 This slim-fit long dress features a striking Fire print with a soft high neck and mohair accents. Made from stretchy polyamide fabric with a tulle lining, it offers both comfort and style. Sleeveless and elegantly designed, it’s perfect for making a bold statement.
==
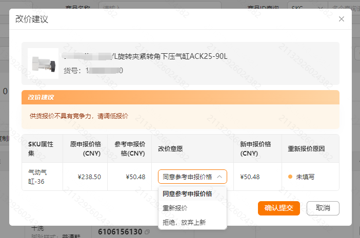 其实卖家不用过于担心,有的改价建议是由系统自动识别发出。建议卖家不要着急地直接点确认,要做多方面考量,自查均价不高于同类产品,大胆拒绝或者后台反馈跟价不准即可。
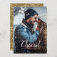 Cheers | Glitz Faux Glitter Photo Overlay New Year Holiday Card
* * *
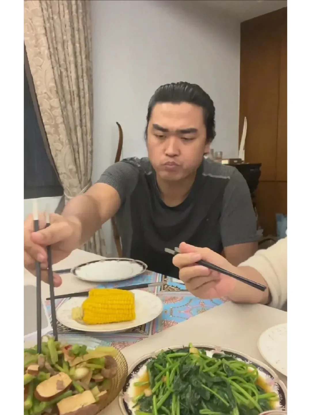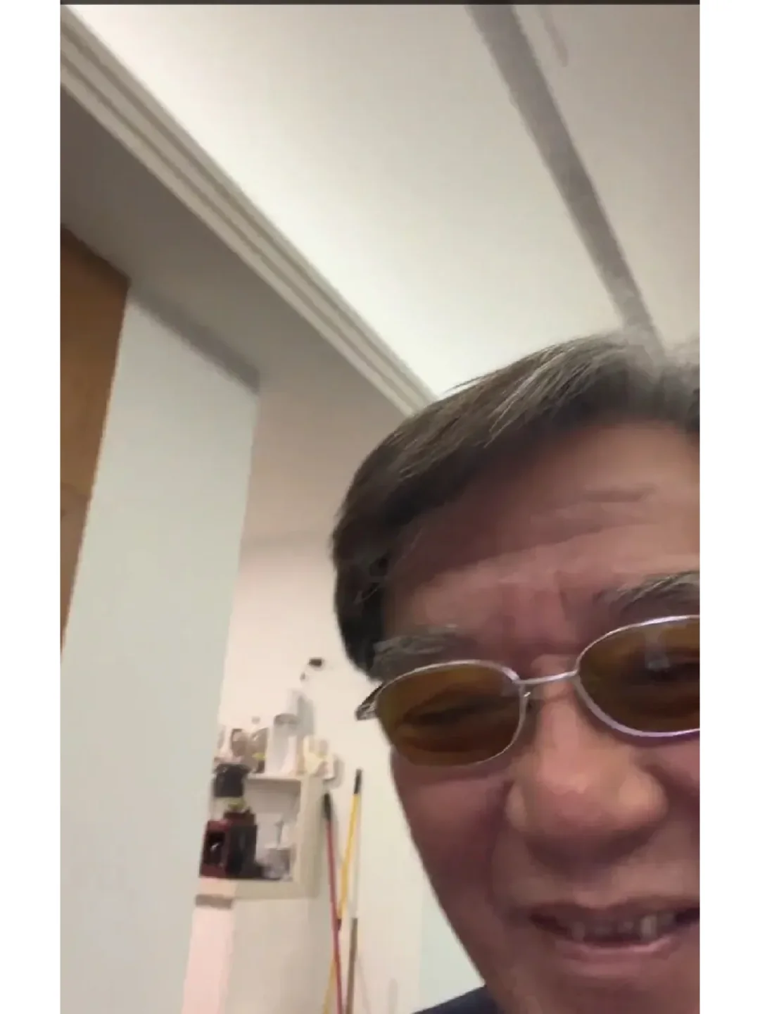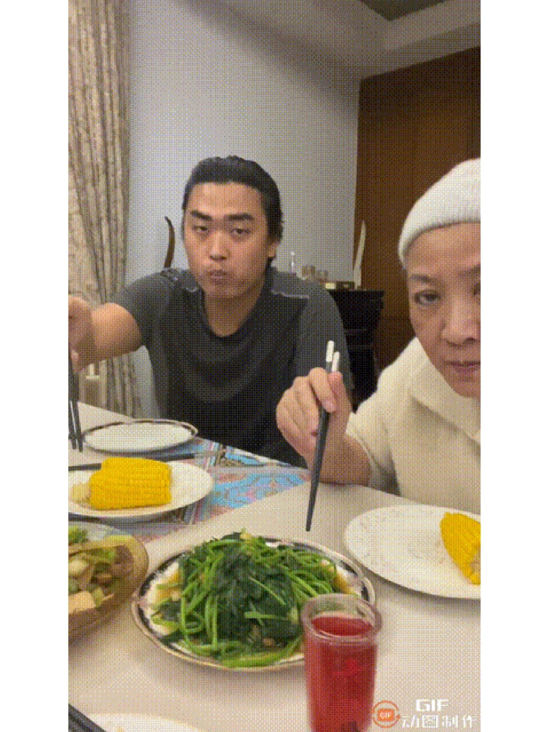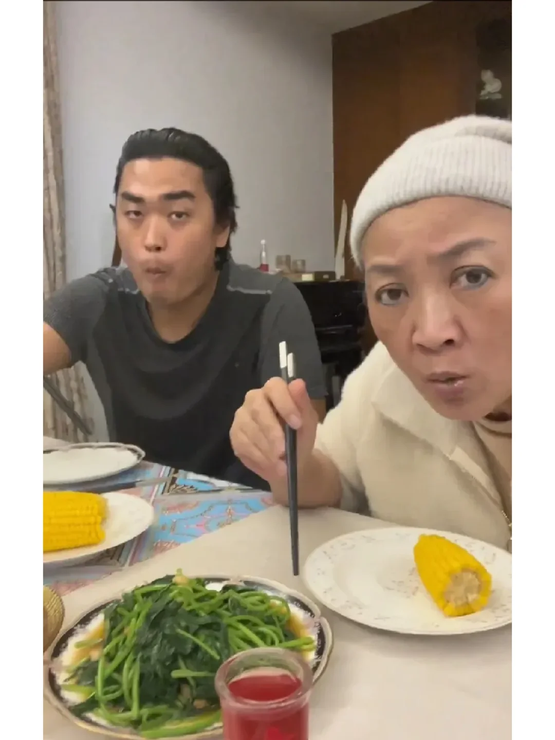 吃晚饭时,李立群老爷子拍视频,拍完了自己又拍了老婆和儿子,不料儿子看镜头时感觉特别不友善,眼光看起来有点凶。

Your task: Look above for the line with "其实卖家不用过于担心,有的改" and the line with "Cheers | Glitz", then copy exactly the lines from the first through the second, both kept, with no pictures.

Task answer:
 其实卖家不用过于担心,有的改价建议是由系统自动识别发出。建议卖家不要着急地直接点确认,要做多方面考量,自查均价不高于同类产品,大胆拒绝或者后台反馈跟价不准即可。
 Cheers | Glitz Faux Glitter Photo Overlay New Year Holiday Card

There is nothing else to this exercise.